Outage on systems due to update
Incident Report for Ymonitor
Resolved
Dear customers,

We have carried out an infrastructure update on Ymonitor systems between 7 April 20:00 and 8 April 01:00. We did not announce any scheduled maintenance for this update. Because when we tested it on our test and acceptance environments there was no service disruption. Nevertheless, an outage occurred on our production environment during the update. We apologize for the inconvenience that this might have caused and would like to share with you what we know so far about it.

During an infrastructure update on 7 April, because of an unknown reason, we experienced outage on some Ymonitor components. It started at 23:35 (7 April) and lasted until 00:42 (8 April). During this time, the observed effects were the following.

If there were any alerts on the monitors during this time, they could not be created. Therefore, they could not be reported by email, SMS, WhatsApp, or any other means. Those alerts are not created after systems went back to normal, either.
Some endpoints that serve the measurement and alert related data could not be reached.
The main webpage and the dashboards were unavailable.
No measurement data was lost during this time. After the above-mentioned time, services started working normally and the measurement data is saved in our databases.
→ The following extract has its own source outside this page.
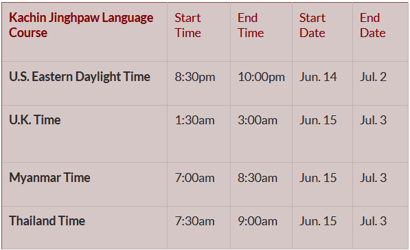 Registration for the language course and payment of the course fee will have to be made by June 5, 2026, 04:00PM (Myanmar Time).

We are currently investigating the root cause of this issue. For now, it seems like a problem occurred with one of our infrastructure suppliers. We have contacted them and asked for further investigation. If we can reveal more information about their findings, we will follow up with more updates here.

Should you have any questions, please feel free to reach out to your service delivery contact.
Posted Apr 08, 2022 - 15:01 CEST
This incident affected: Ymonitor Dashboards, ymonitor.nl, API, Alerting, and YGate API.